Social cognitive theory (SCT) 6,7 is a useful framework for envisaging how resistance arises. SCT suggests that behaviour is driven by an interplay of personal factors and environmental factors. In considering the ‘modifiable’ factors involved in resistance to change—that is, the things that managers have control over—managers have control only over the organisational factors, such as provision of adequate resources, appropriate communication, and opportunities to participate. Theoretically, actions such as these should influence the personal factors, i.e. increasing trust and future clarity, which should in turn decrease resistance to change. The theoretical model is shown in Figure 1.

Figure 1: Behaviour to support or resist organizational change arises through an interplay or personal and organisational factors.
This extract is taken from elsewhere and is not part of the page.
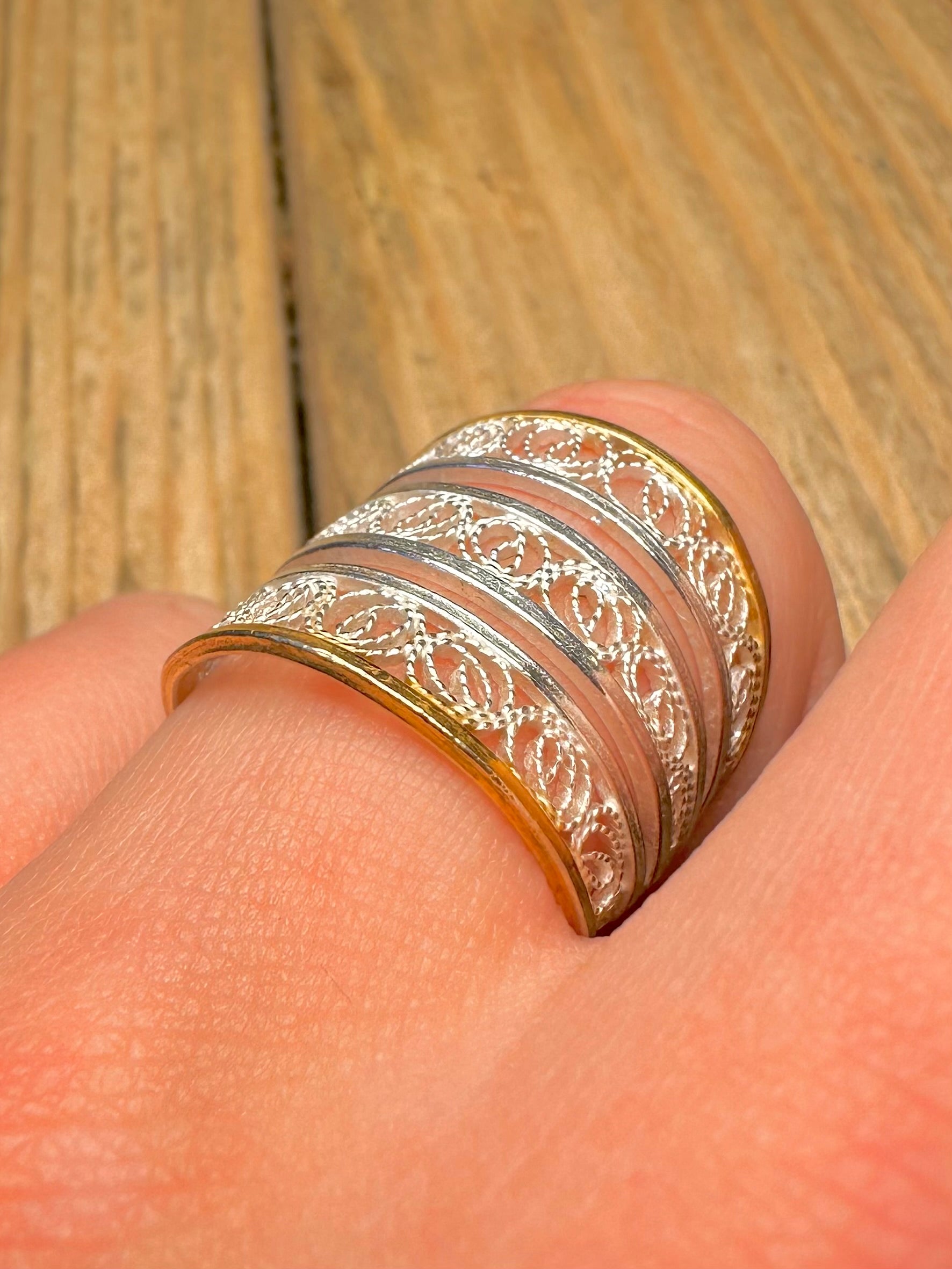 Modern Filigree Gold and 925 Sterling Silver Size O Ring

Organizations have control only over the organizational factors.

 

The Research Project

Integrating the theoretical model with our review of past research,  we developed a conceptual model of resistance that could be tested using scientific and statistical methods. This model is shown at Figure 2.

The research was conducted from July to October 2021 and investigated whether the conceptual model was supported:

  • Does behaviour to support or resist change arise from the personal factors—future clarity, personal resilience, and trust in management?
    • Do the organisational factors—resources, communication, participation—influence resistance and if so, is this influence through the personal factors?
    • Does paradoxical leadership influence resistance, and if so, is this through the organisational factors? Does it also influence on employees’ personal resilience?  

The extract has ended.